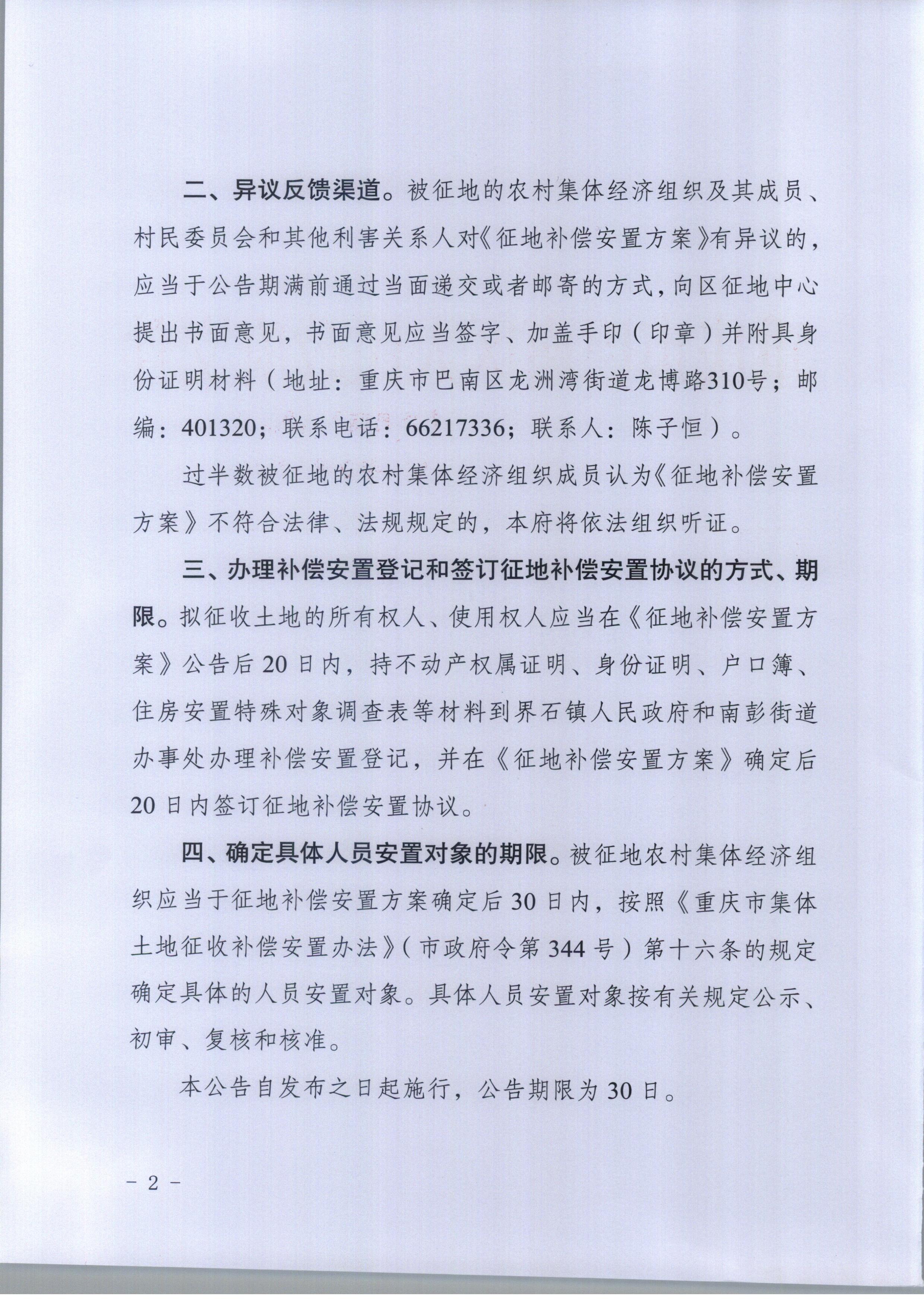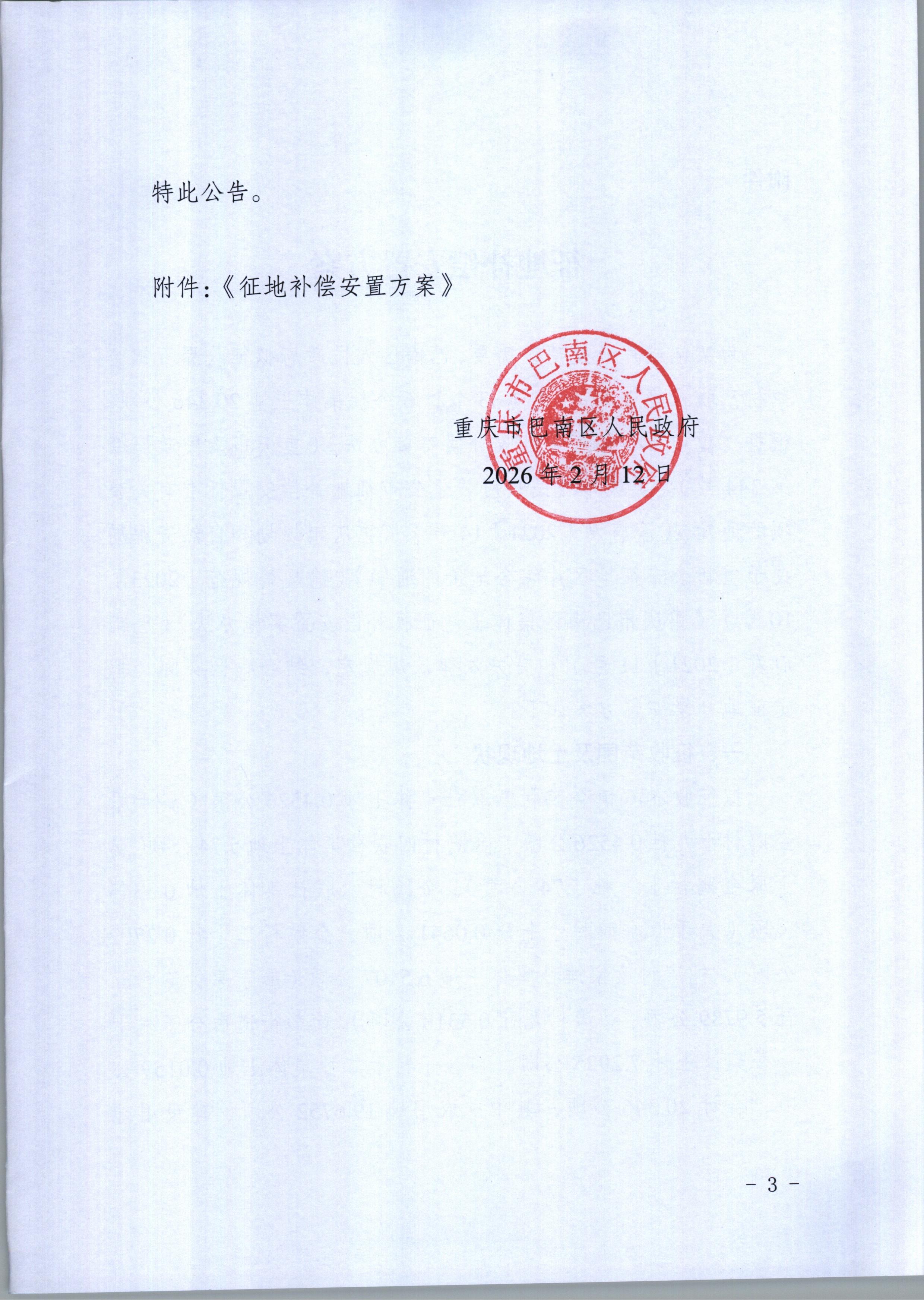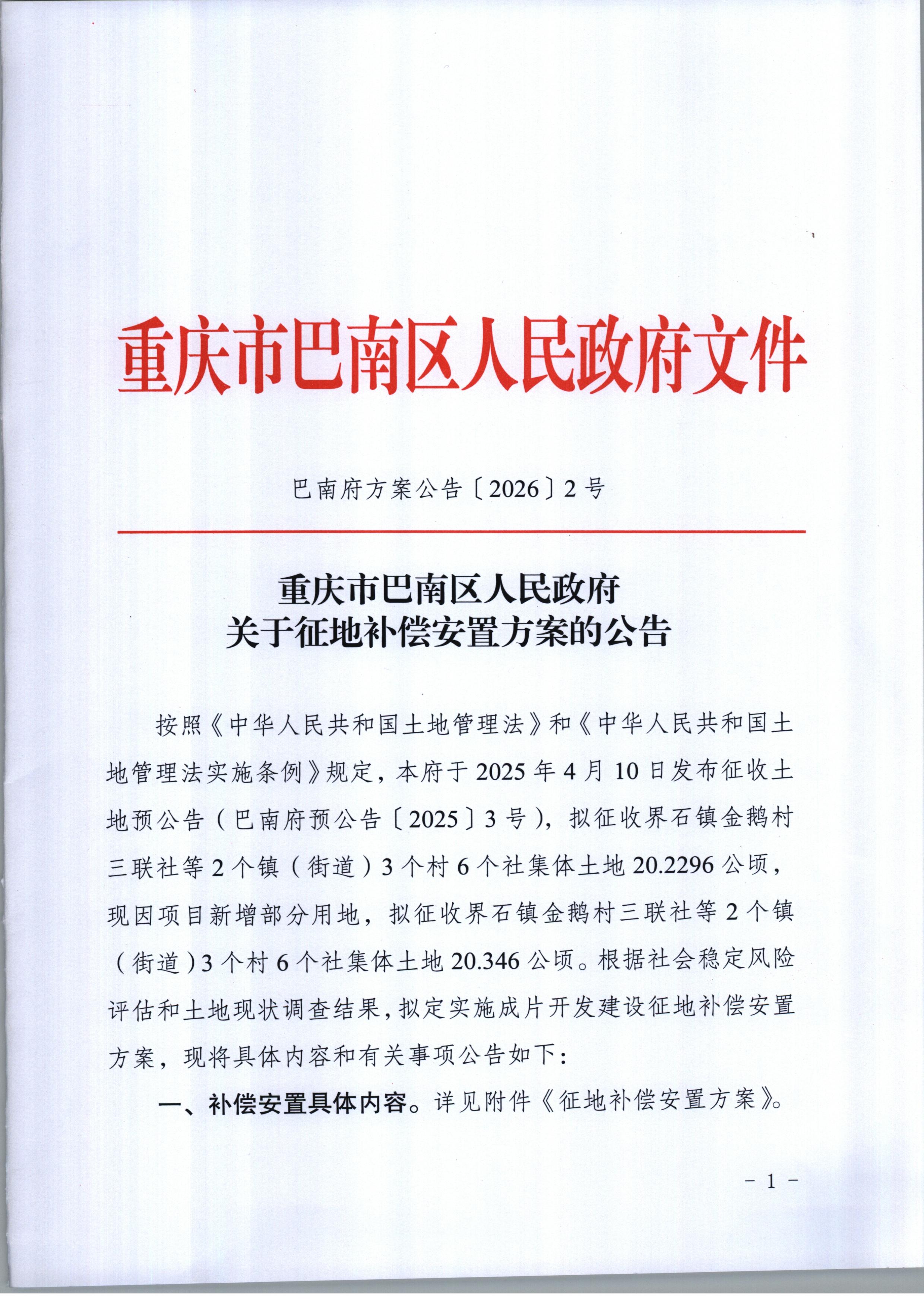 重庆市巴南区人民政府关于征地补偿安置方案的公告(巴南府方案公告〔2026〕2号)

--

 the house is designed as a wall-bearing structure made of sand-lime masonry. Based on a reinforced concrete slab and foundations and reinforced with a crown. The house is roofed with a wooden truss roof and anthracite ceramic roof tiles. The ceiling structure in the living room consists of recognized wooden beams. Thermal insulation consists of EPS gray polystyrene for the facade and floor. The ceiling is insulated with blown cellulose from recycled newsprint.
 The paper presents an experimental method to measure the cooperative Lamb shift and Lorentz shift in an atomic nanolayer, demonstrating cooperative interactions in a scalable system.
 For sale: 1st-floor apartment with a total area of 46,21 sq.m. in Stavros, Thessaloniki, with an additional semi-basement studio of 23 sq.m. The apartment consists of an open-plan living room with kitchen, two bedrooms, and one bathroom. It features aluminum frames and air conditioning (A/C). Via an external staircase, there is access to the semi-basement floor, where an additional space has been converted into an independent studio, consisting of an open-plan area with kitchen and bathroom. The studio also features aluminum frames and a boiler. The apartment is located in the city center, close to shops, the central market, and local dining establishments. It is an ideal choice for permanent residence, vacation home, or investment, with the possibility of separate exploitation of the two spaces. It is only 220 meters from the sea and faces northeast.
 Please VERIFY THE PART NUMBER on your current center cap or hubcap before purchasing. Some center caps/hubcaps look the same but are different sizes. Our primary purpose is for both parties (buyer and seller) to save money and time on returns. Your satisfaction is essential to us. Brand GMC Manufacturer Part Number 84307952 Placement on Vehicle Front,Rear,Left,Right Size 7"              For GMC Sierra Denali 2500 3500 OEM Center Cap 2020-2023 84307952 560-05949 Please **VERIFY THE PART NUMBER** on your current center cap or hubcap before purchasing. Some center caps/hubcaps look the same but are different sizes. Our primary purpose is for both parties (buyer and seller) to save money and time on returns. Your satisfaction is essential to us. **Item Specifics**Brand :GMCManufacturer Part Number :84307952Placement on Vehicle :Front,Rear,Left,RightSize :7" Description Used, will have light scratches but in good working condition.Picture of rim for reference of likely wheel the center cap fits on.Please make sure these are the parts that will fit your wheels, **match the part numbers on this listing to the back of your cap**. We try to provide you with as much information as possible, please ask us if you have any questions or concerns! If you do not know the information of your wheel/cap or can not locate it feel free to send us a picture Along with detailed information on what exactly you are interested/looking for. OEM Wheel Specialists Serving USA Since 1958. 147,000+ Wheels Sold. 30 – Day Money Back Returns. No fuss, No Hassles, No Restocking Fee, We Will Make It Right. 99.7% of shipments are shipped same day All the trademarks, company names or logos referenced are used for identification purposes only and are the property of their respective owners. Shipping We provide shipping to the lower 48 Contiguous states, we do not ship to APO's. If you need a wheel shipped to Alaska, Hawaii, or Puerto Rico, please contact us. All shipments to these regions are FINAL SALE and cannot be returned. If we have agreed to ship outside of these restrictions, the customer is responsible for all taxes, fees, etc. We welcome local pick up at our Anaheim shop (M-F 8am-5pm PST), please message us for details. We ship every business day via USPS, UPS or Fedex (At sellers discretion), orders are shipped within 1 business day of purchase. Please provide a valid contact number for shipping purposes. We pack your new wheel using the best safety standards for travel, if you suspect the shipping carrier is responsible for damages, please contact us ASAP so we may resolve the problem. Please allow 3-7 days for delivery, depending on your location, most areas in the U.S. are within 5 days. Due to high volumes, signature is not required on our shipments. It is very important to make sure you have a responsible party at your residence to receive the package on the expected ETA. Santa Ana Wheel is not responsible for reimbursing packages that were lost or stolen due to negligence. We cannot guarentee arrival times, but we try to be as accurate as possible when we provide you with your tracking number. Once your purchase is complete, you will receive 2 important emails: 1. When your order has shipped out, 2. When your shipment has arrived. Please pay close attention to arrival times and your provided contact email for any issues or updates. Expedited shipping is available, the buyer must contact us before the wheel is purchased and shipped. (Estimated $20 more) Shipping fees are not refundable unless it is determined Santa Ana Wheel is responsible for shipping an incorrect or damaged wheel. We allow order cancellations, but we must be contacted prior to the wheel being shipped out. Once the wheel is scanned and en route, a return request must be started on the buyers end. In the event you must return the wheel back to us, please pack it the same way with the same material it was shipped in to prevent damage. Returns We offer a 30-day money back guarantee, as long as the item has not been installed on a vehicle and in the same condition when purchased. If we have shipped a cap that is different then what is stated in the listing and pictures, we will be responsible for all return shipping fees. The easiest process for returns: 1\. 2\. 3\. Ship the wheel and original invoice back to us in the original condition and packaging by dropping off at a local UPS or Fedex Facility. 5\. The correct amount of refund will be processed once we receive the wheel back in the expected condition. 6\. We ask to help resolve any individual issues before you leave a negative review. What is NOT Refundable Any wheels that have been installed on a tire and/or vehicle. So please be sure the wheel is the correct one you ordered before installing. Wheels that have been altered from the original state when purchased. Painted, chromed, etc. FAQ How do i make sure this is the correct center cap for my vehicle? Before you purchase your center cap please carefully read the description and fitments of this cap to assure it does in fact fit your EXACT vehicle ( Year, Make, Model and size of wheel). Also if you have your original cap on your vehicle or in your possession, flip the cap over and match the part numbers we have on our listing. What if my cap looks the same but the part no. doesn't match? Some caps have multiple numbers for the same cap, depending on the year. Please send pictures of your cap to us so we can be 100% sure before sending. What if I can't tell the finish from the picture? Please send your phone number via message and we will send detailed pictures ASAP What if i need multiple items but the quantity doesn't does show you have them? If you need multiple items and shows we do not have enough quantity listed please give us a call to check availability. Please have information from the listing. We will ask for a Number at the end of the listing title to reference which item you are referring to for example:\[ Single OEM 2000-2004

### Your goal:
Scan the listing for "room" and copy out each line that has it.

### Response for this exercise:
 the house is designed as a wall-bearing structure made of sand-lime masonry. Based on a reinforced concrete slab and foundations and reinforced with a crown. The house is roofed with a wooden truss roof and anthracite ceramic roof tiles. The ceiling structure in the living room consists of recognized wooden beams. Thermal insulation consists of EPS gray polystyrene for the facade and floor. The ceiling is insulated with blown cellulose from recycled newsprint.
 For sale: 1st-floor apartment with a total area of 46,21 sq.m. in Stavros, Thessaloniki, with an additional semi-basement studio of 23 sq.m. The apartment consists of an open-plan living room with kitchen, two bedrooms, and one bathroom. It features aluminum frames and air conditioning (A/C). Via an external staircase, there is access to the semi-basement floor, where an additional space has been converted into an independent studio, consisting of an open-plan area with kitchen and bathroom. The studio also features aluminum frames and a boiler. The apartment is located in the city center, close to shops, the central market, and local dining establishments. It is an ideal choice for permanent residence, vacation home, or investment, with the possibility of separate exploitation of the two spaces. It is only 220 meters from the sea and faces northeast.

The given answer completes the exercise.